John Shue: We do not know why God took her, but he did. He had a reason.
Joy Shue: Right.
John Shue: She would go in church and everybody in church knew she was there. Because she would go "hi you, hi, hi!"
Joy Shue: A very loud voice.
John Shue: A very loud voice, and a very loving child. She loved everybody. Everybody that knew her loved her. She loved everybody, she was very loud and proud about it. We want to keep that memory of her alive.
Alex Chambers: That was made by Avi Forrest. Avi is an intern at Inner States, and the host of "I am No Expert". A podcast from the Indiana University Media School.
Alex Chambers: That is it for our mix tape, I hope you liked it.
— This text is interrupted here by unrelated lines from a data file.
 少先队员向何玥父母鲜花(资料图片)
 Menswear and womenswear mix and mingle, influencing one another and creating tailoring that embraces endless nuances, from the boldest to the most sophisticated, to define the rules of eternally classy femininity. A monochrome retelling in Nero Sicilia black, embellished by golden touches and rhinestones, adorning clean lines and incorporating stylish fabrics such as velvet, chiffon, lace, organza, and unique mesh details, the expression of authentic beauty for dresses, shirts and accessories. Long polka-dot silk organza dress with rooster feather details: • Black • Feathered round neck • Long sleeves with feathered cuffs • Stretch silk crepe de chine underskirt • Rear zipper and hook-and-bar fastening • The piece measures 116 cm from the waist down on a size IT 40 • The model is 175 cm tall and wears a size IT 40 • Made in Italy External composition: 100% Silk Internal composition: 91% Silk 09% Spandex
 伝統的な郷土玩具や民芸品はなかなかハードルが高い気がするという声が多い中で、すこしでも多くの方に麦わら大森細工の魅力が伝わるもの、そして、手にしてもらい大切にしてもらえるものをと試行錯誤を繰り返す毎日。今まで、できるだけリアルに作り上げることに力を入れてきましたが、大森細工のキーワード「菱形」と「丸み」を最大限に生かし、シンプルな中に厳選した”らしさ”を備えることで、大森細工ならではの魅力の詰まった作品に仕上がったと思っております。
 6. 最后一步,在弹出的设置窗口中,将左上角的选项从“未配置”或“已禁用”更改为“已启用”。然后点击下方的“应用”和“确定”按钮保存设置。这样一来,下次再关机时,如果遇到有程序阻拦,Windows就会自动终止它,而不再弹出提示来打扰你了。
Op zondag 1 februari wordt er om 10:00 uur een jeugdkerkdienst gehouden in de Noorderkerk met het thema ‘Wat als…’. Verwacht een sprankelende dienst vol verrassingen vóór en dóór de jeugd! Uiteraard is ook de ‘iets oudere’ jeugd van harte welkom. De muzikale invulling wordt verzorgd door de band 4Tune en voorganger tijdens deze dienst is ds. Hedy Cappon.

This is Inner States from WFIU in Bloomington, Indiana. If you have a story for us, or if you have some sound we should hear, let us know at WFIU.org/innerstates. Okay, I have got one more thing before the credits. Have you been listening for a while? Maybe this is the first time you have heard the show? Either way, we are doing a survey to get to know more about what you like on the show. If just getting to talk to us, is not enough motivation on it is own, we also have a raffle. A few lucky survey takers will get some classic public radio prizes. We will have a link to the survey on our website. While you are at it, tell your friends about the survey and the show. We like talking with people. We hope you do too.
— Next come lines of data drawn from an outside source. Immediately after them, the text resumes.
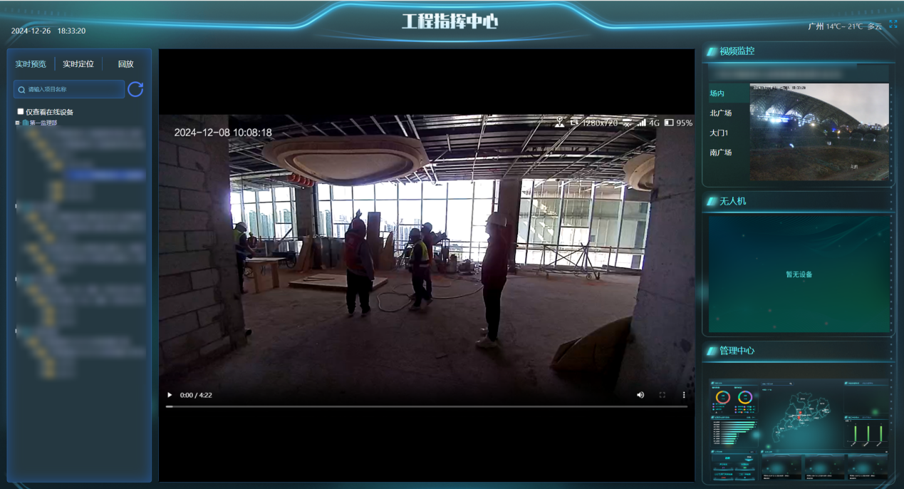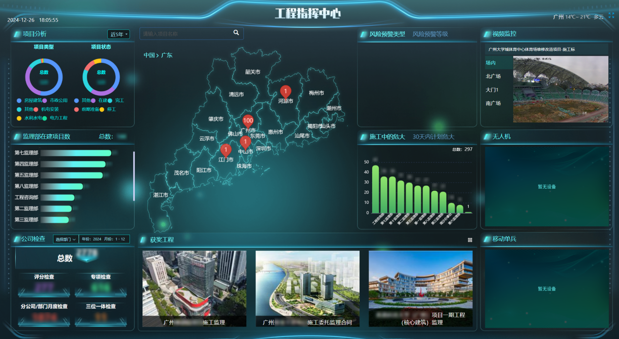面临工程监理项目分布散、区域分布广、项目监管难等情况,本期通过云计算、大数据、IOT等技术手段,结合智能终端穿戴设备使用(视频监控、智能移动单兵(记录仪)、无人机),搭建工程管理智慧指挥中心,配套项目管控三级管理体系,加强总部对项目部管理、项目现场工作情况远程实时监控、远程应急指挥调度、远程专家支撑、远程项目检查,将科技力量与质量、安全监管制度紧密集合,进一步落实安全监管责任,综合提高公司对工程项目统筹管控和施工现场质量安全管理水平,实现质量安全管理模式创新。
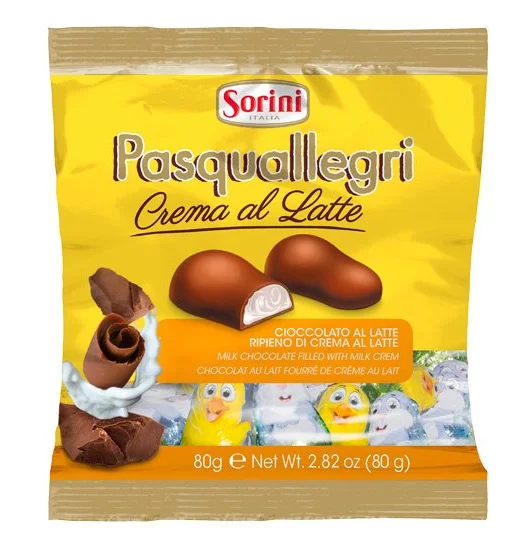 Паскуаллегри - это забавные молочные шоколадные конфеты с начинкой из молочного крема в форме птенцов. Яркий пакетик с шоколадными фигурками станет отличным дополнением к пасхальному подарку.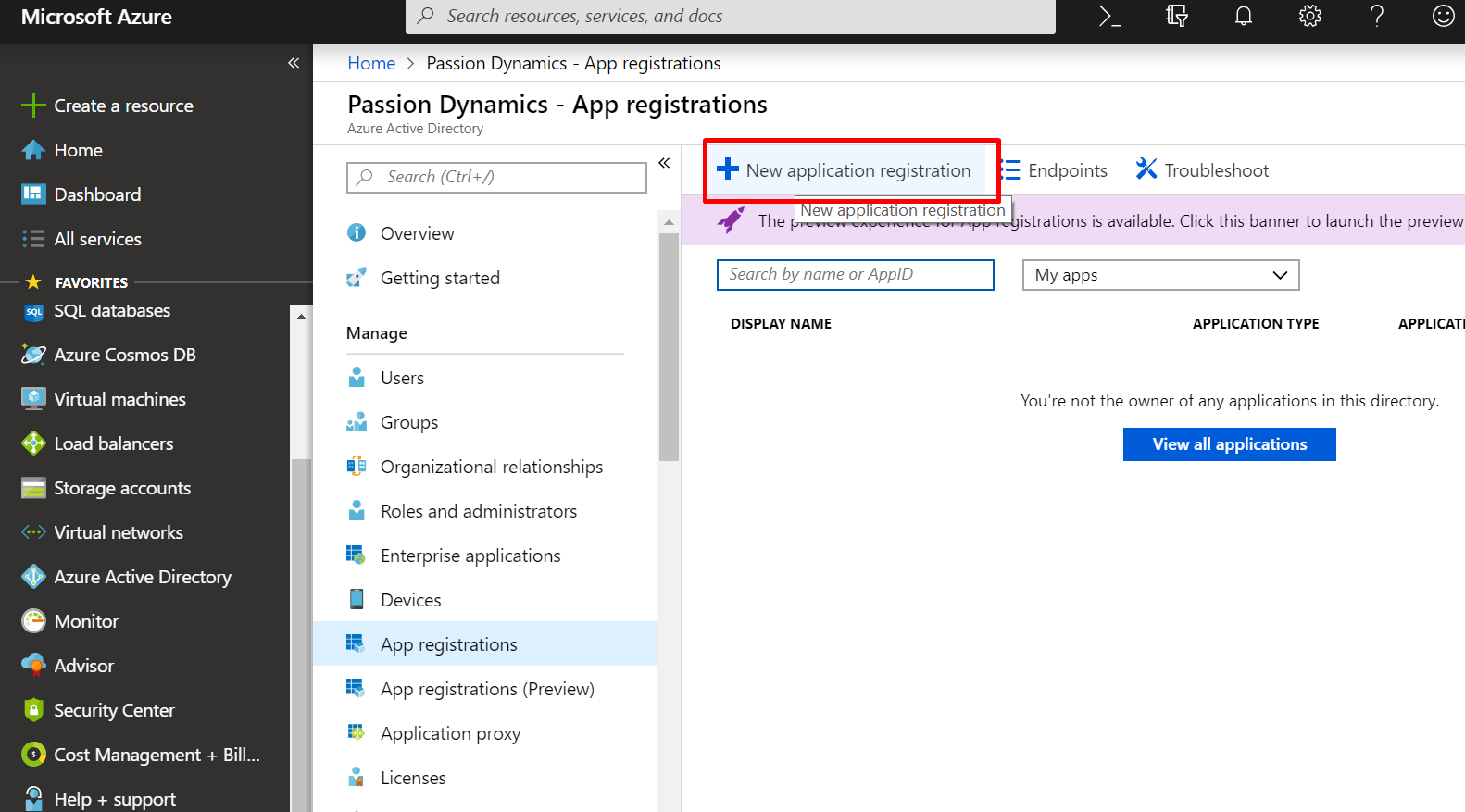 3. Click on “New application registration”

Alex Chambers: Alright, time for the credits. Inner States is produced and edited by me, Alex Chambers. With support from Violet Baron, Eoban Binder, Mark Chilla, Avi Forrest, LuAnn Johnson, Jack Lindner, Yané Sanchez Lopez, Sam Schemenauer, Peyton Whaley and Kayte Young. Our Executive Producer is John Bailey. Our theme song is by Amy Oelsner and Justin Vollmar. We have additional music from the artists at Universal Production Music. Special thanks this week to producers Natalie Ingalls, Jack Lindner, Helen Rummel, Meredith Hemphill, and Avi Forrest. Avi also helped to produce this episode. The poems you heard came from WFIU "Poet's Weave", produced by LuAnn Johnson. Alright, time for some found sound.
Alex Chambers: The poems you heard came from WFIU Poet's Weave, produced by LuAnn Johnson. Alright, time for some found sound.
Avi Forrest: Ready, go.
Avi Forrest: One, two, ready, go.
Avi Forrest: One, two, ready, go.
Avi Forrest: Alright, so, this time, your thumb is going to move down a string.
Avi Forrest: One, two, ready, go. Third, fourth. One, two, ready, go.